Uitspraak
RECHTBANK ROTTERDAM
1.De procedure
- de dagvaarding van 14 juni 2023, met productie 1 tot en met 6;
- het e-mailbericht van de man van 21 juni 2023, met meerdere bijlagen;
- de mondelinge behandeling op 22 juni 2023.
Rechtbank Rotterdam
In deze zaak, die zich afspeelt in het kader van een kort geding, vordert de vrouw dat de man zijn medewerking verleent aan de verkoop van hun gezamenlijk eigendom, de echtelijke woning, na hun echtscheiding. Partijen zijn op 28 mei 1997 getrouwd en hebben gezamenlijk de woning aan de [adres01] te Vlaardingen in eigendom verkregen. De vrouw heeft de woning in 2017 verlaten en woont sindsdien bij haar ouders, terwijl de man met hun minderjarige zoon in de woning is blijven wonen. De echtscheiding is uitgesproken op 9 december 2021, waarbij is bepaald dat de woning verkocht moet worden. De vrouw heeft drie makelaars geselecteerd, maar er is geen overeenstemming bereikt over de verkoop. De vrouw vordert nu dat de man zijn medewerking verleent aan de verkoop, op straffe van een dwangsom. De man voert verweer en stelt dat hij wel medewerking heeft verleend, maar dat de vrouw hem tegenwerkt.
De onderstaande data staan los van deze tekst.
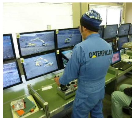
カメラ車からの映像による掘削実施状況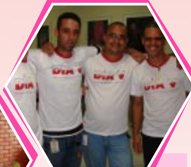
Voluntários após a doação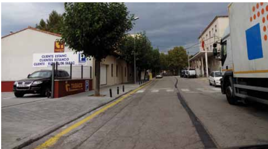
• La senyalització horitzontal s'ha realitzat aquests dies del mes de novembre, pendent de refer trams com el del final del carrer Major

definir millor el centre de carrer i els aparcaments. Aquest seria el cas del tram final del carrer Major en la zona de confluència amb el carrer Pau Casals. El repintat original en blanc s'ha rectificat en pintura de color gris. Un altre dels tram afectats és el carrer Arriate, on encara no ha quedat clar el criteri que s'aplica a la vorera del davant del Banc Sabadell, ja que en un tram és permès aparcar però no està senyalitzat, en un altre es defineix com a zona de càrrega i descàrrega i finalment un altre tram és definit com a zona d'estacionament d'autocars.

De voorzieningenrechter oordeelt dat partijen in een impasse verkeren en dat de vrouw voldoende aannemelijk heeft gemaakt dat zij niet langer in deze onverdeeldheid wil blijven. De rechtbank wijst de vordering van de vrouw toe, waarbij de man wordt verplicht om zijn medewerking te verlenen aan de verkoop van de woning. De voorzieningenrechter wijst de vordering tot indeplaatsstelling af, maar bepaalt dat het vonnis in de plaats kan treden van de vereiste medewerking van de man voor de verkoopopdracht aan een door de vrouw aan te wijzen makelaar. De rechtbank compenseert de proceskosten, zodat iedere partij de eigen kosten draagt.